Грэшем отметил, что ответ Фрэнсиса не лишен остроумия.

— Кто вы? На кого и ради чего работаете? Может, вы из людей Сесила? — вновь подала голос жертва Грэшема.

— Будь благоразумен, — отозвалась из своего угла Джейн, — если не хочешь получить еще один удар по голове и ниже пояса!

— Нет, — ответил Генри, — я не работаю на Сесила. Просто я вижу реки крови, проливающиеся на головы как невинных, так и виноватых. Я не могу их остановить, но, возможно, удастся сделать их меньше.

— Откуда мне знать, что это правда? Вы хотите, чтобы я доверил вам свою жизнь, а я даже не знаю имени, которое смогу выкрикнуть, умирая за вас.

— В таком случае сделай все, чтобы не умереть, а еще лучше — постарайся меня не предать. Это еще ни для кого не закончилось добром.

— Не сомневаюсь. Чего вы от меня хотите, если меня попросят присоединиться к заговорщикам? Предать друзей? Или кого-нибудь убить? — Фрэнсиса не смущал ни один из вариантов.

— Твои друзья сами себя предали. Думаю, что, как и ты, они уже покойники и только ждут, когда на их шею опустится топор палача. Мне нужна информация. — Грэшем хотел сказать, что все сведения ему нужны лишь для того, чтобы сохранить как можно больше жизней, но предпочел промолчать. Благородные идеи Фрэнсиса Трэшема не привлекали.

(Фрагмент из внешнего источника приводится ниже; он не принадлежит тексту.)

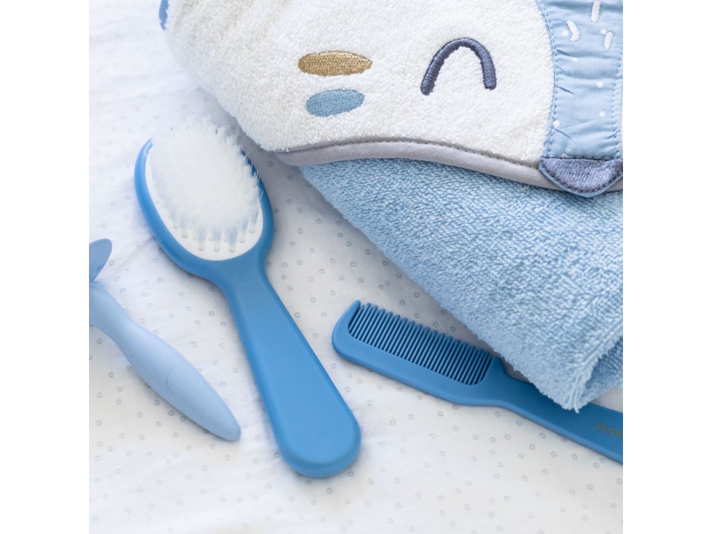 A gyermek hajkefe és fésű tökéletes készletet alkot a baba első hajszálainak fésüléséhez és a fejbőr masszírozásához. A fésű fogai lekerekítettek, hogy ne irritálják a baba érzékeny bőrét, míg a kefe szintetikus sörtéi garantálják a puha babahaj biztonságos és kellemes ápolását. Az eszközök ergonomikus formája megkönnyíti a kényelmes használatot, a speciális fésűtartó pedig segít a rend fenntartásában. A készlet három pasztellszínben kapható.

— Я кое о чем умолчал, — признался Трэшем, принимая очередное решение. Он с молниеносной скоростью приспособился к новым обстоятельствам. — На следующей неделе я ужинаю с Робином Кейтсби в таверне Уильяма Патрика «Ирландец», что на Стрэнде.

— Кто еще должен прийти?

Трэшем перечислил несколько имен, среди них были драматург Бен Джонсон и пэр-католик, лорд Мордаунт.

— Придет еще один гость, и это буду я.

— То есть как? Мне следует попросить еще одно приглашение?

— Нет. Как я туда попаду — моя забота. А ты должен не подавать виду, что мы знакомы. А теперь опиши мне Кейтсби.


Манион проводил Трэшема до самого дома, следуя за ним на почтительном расстоянии. Теперь Фрэнсис представлял большую ценность. Грэшем в это время беседовал с той, которую считал своим сокровищем.

— Я оказалась права. Этот человек отвратителен. — Уходя, Трэшем бросил на девушку злобный взгляд. — Не хотела бы я оказаться в его власти.

Грэшем хотел встретиться с Кейтсби с глазу на глаз. По описанию осведомителей и Фрэнсиса Трэшема, Кейтсби представлялся фигурой весьма внушительной: одержимый проповедник, способный поднять людей и приобщить их к своему делу. Однако Грэшему доводилось встречать людей, которые на деле оказывались шарлатанами и утрачивал и всю свою браваду при первом же столкновении с действительностью. Не из их ли числа Кейтсби? Человек, плетущий хитрую сеть интриг, чтобы потешить свою гордыню, пустой грохочущий сосуд? Или же он способен поднять мятеж, свергнуть правительство и погрузить всю страну в смуту?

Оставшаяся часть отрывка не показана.